If this in turn failed, he said, then a third option was to try get a United Nations Security Council resolution on the matter.
"We will not jump over the first option to go to the second option, or jump over the second option to go to the third ... We will exhaust every effort with the first option," he said.
"We are now focusing on the first option," he added. "But this does not mean we should not prepare ourselves for all the options."
Direct peace talks between Israel and the Palestinians resumed at the beginning of September, but fell into limbo at the end of that month, when Israel did not renew a partial 10-month freeze on construction at its West Bank settlements.
Abbas has said there will be no further negotiations until and unless Israel renews the construction freeze.
According to Israel Radio, citing unnamed "sources," Gheit and Suleiman met with Abbas to convince him to renew the talks in exchange for a partial construction freeze that will not apply to the so-called "settlement blocs" - groups of settlements close to the Israel-West Bank border which Israel hopes to keep as part of any future peace deal.

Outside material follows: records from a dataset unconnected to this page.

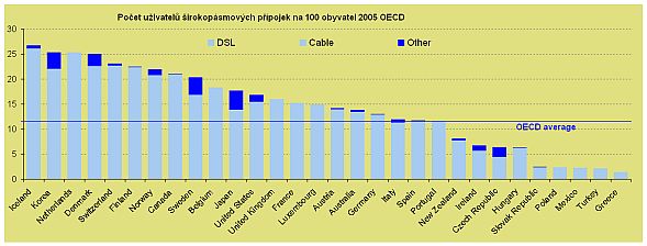 Ke konci roku 2005 v těchto 30 zemích bylo dohromady 158 milionů uživatelů širokopásmových přípojek, přičemž jen v druhé polovině loňského roku jich přibylo 22 milionů.
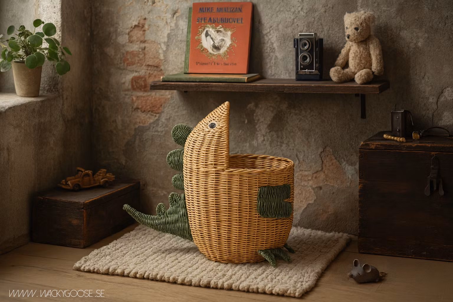 Eddi Basket från Bloomingville MINI är en söt förvaringskorg i rotting formad som en dinosaurie. Korgen är perfekt för att förvara alla dina saker i vardagsrummet, sovrummet eller i barnrummet.
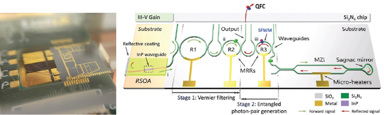 Previously, the major technical challenge inhibiting a turnkey system has been the combined integration of a stable, tunable laser with a high rejection filter (to eliminate noise) and an entangled-photon source (creating signal–idler pairs through nonlinear spontaneous parametric effects). Further, the absence of a unique material platform that supports all quantum photonic functionalities—low-loss guiding, filtering, efficient generation of entangled photons, active manipulation—while also providing laser gain has impeded monolithic integration.

The proposal, the radio said, is part of a US initiative whereby, in exchange for renewed talks, President Obama would pressure Israel to reach an agreement with the Palestinians within one year.
Abbas told the news conference that he and Gheit discussed the current situation, particularly efforts to force Israel to stop settlement construction in the West Bank, as well as the options in case the talks do not resume.
He said a return to direct negotiations with Israel required Israel to halt all settlement activities "so that we can feel assured that it (Israel) wants to reach a solution to issues such as borders, security, Jerusalem, refugees and other issues."
Abbas strongly criticized Israeli issuing of tenders for new housing units in the settlements, which he said is "unacceptable."
He said Israeli Prime Minister Benjamin Netanyahu has warned the Palestinians against taking unilateral steps, such as going to the Security Council to get recognition of the 1967 lines as the borders of the Palestinian state.
"This is something we said we will do months from now," said Abbas. "But Israel, and for decades, is taking unilateral actions and the most obvious are the settlement activities, the incursions, the checkpoints and others."
Gheit said Egypt backed the Palestinian demands for a halt to settlement activities.
"We condemn settlements and we condemn settlers' behaviour," he said. "We are against them and we support your efforts to defend Palestinian rights," he said, to Abbas.
He said he discussed with Abbas what to do if the negotiations fail, particularly how to work with the US and the Arab League on the Palestinian options.
He said Egypt had held talks with Israeli and US officials for the purpose of getting Israel to stop settlement activities "but we could not yet get the necessary breakthrough."
Gheit supported Abbas' step-by-step plan if the talks fail saying "we have no choice other than to keep all our options open," but that "we should not jump over the options to achieve our goals."
The Egyptian officials left Ramallah to Amman for talks with Jordanian officials.